Records from a dataset
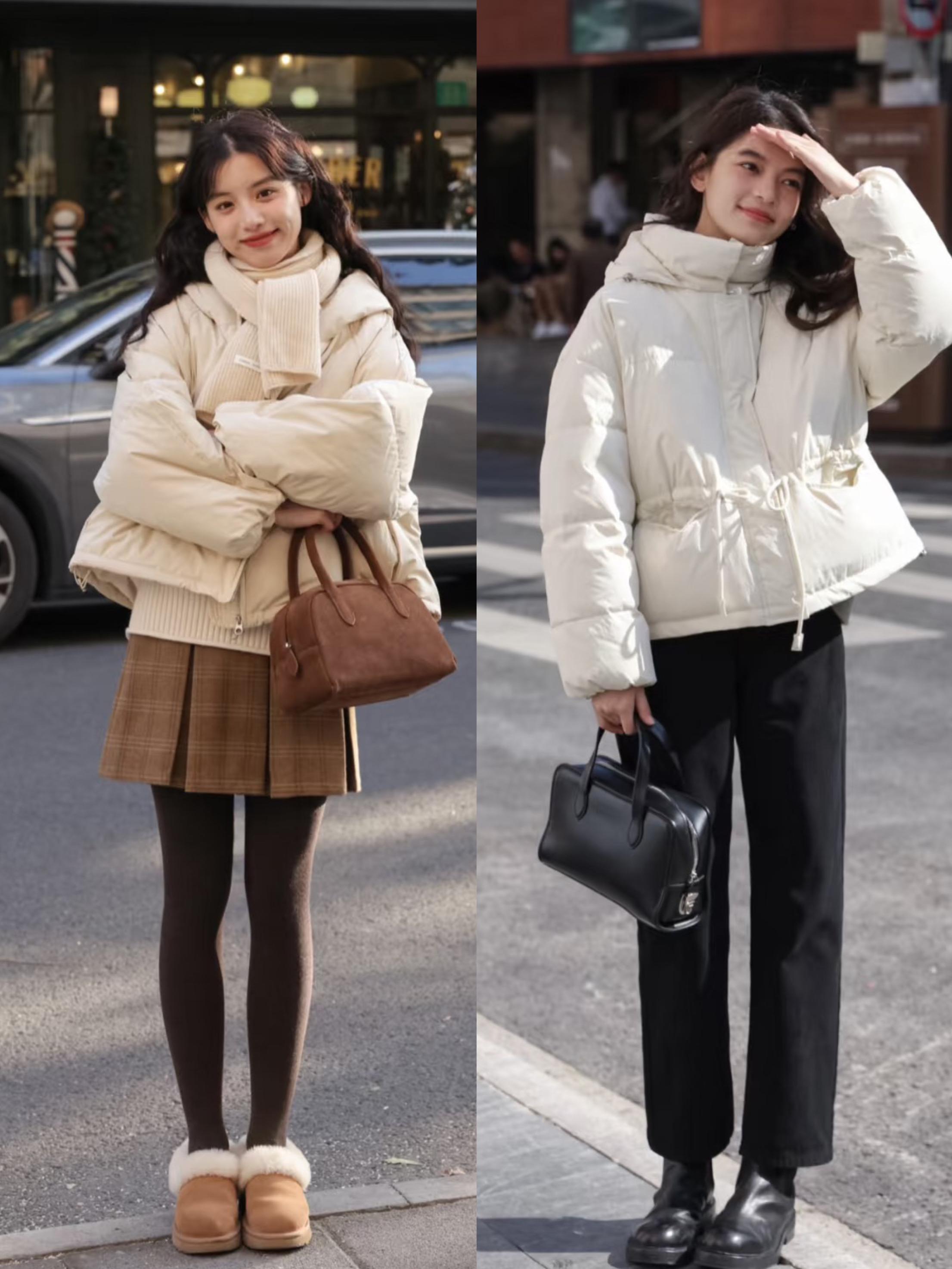 白色系的羽絨服,有一種更清新甜美的感覺。短款的羽絨服,搭配很柔和的白色系,有一種特別乾淨又清爽的美。
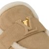 The LV Capri open-back loafer is reinterpreted in velvety suede calf leather with a soft shearling lining. Shearling edging on the upper adds to the refinement of this design, which is notable for its partially leather-covered LV Initials accessory, inspired by the iconic Capucines bag. A fine leather outsole completes this stylish, slip-on model.
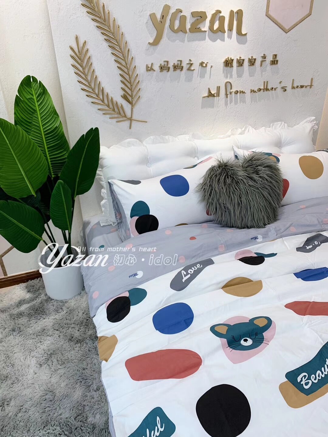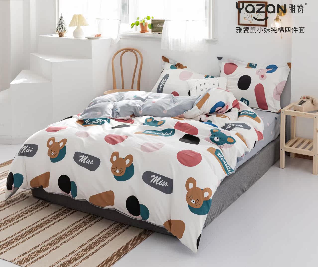 2021 new cotton four-piece spring and summer bedding cartoon printing bed sheet quilt cover pillowcase the same style in shopping malls - Taobao
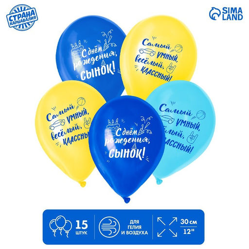 • Воздушные шары латексные 12" «С днём рождения, для сына», 15 шт.
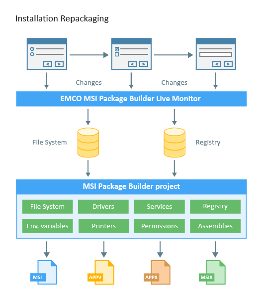 EMCO MSI Package Builder集成了用于重新打包的一流实时监控技术。它集成到Windows中以捕获重新打包安装所执行的文件系统、注册表和权限更改。在重新打包期间,您只需要手动遵循重新打包安装的安装步骤。选择安装选项后,受监视的安装程序将应用EMCO MSI Package Builder捕获的相应文件系统、注册表和权限更改。

How to complete this task → Print the entries as they stand, first line through the line holding "Воздушные шары латексные", with every picture removed.

Answer box →
 白色系的羽絨服,有一種更清新甜美的感覺。短款的羽絨服,搭配很柔和的白色系,有一種特別乾淨又清爽的美。
 The LV Capri open-back loafer is reinterpreted in velvety suede calf leather with a soft shearling lining. Shearling edging on the upper adds to the refinement of this design, which is notable for its partially leather-covered LV Initials accessory, inspired by the iconic Capucines bag. A fine leather outsole completes this stylish, slip-on model.
 2021 new cotton four-piece spring and summer bedding cartoon printing bed sheet quilt cover pillowcase the same style in shopping malls - Taobao
 • Воздушные шары латексные 12" «С днём рождения, для сына», 15 шт.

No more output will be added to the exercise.